**GIVEN INFORMATION**
------------------------------------------------------------------------

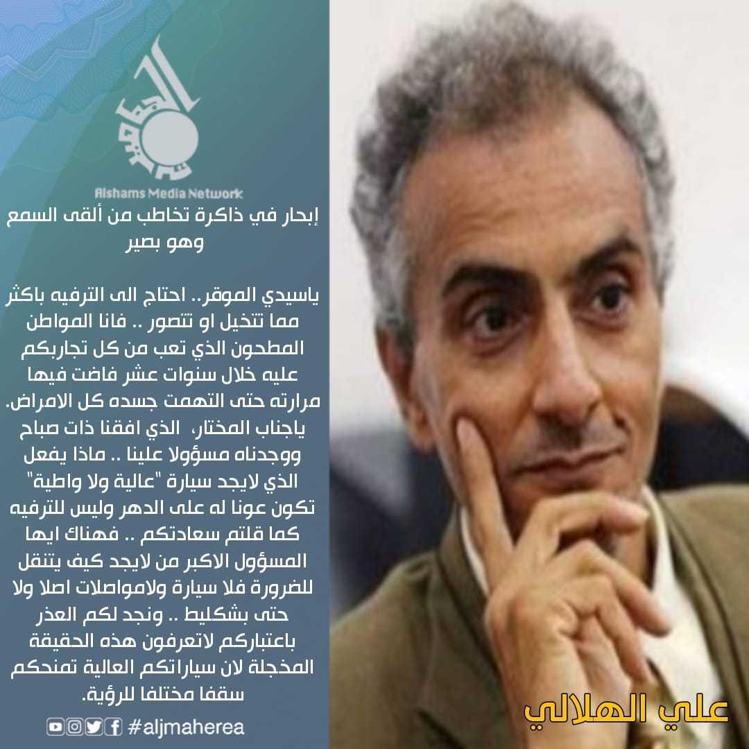 ياجناب المختار الذي افقنا ذات صباح ووجدناه مسؤولا علينا .. ماذا يفعل الذي لايجد سيارة “عالية ولا واطية” تكون عونا له على الدهر وليس للترفيه كما قلتم سعادتكم .. فهناك ايها المسؤول الاكبر من لايجد كيف يتنقل للضرورة فلاسيارة ولامواصلات اصلا ولا حتى بشكليط .. ونجد لكم العذر باعتباركم لاتعرفون هذه الحقيقة المخجلة لان سياراتكم العالية تمنحكم سقفا مختلفا للرؤية .
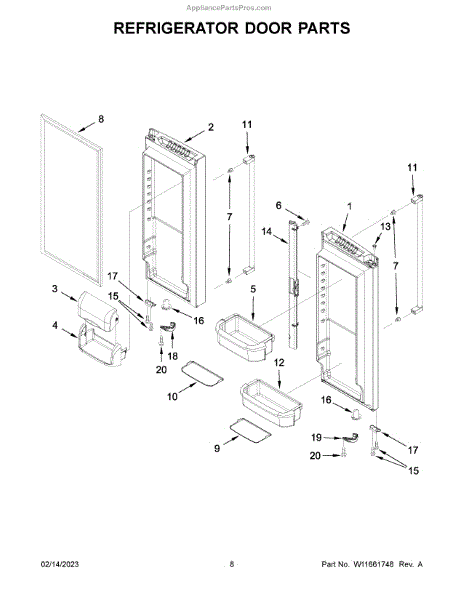 The Door Shelf Bin is an OEM part for Whirlpool refrigerators. This bin is designed to fit into the door of the refrigerator, providing additional storage space for items such as bottles, condiments, and small containers. This door bin measures about 15 inches wide by 3 inches high by 8 inches deep.
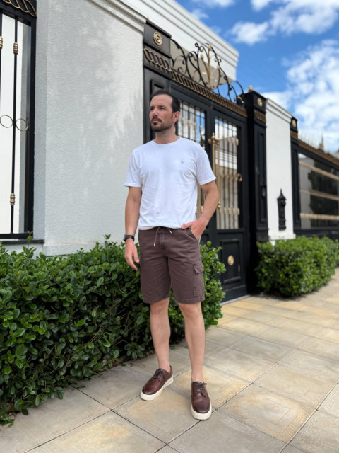 Bermuda Masc Cargo Sarja Super Natural Marrom

------------------------------------------------------------------------

**ABOUT THIS TASK**
Please repeat every line from the listing above exactly as it appears. Drop the pictures.

**SOLUTION TO THE PROBLEM**
 ياجناب المختار الذي افقنا ذات صباح ووجدناه مسؤولا علينا .. ماذا يفعل الذي لايجد سيارة “عالية ولا واطية” تكون عونا له على الدهر وليس للترفيه كما قلتم سعادتكم .. فهناك ايها المسؤول الاكبر من لايجد كيف يتنقل للضرورة فلاسيارة ولامواصلات اصلا ولا حتى بشكليط .. ونجد لكم العذر باعتباركم لاتعرفون هذه الحقيقة المخجلة لان سياراتكم العالية تمنحكم سقفا مختلفا للرؤية .
 The Door Shelf Bin is an OEM part for Whirlpool refrigerators. This bin is designed to fit into the door of the refrigerator, providing additional storage space for items such as bottles, condiments, and small containers. This door bin measures about 15 inches wide by 3 inches high by 8 inches deep.
 Bermuda Masc Cargo Sarja Super Natural Marrom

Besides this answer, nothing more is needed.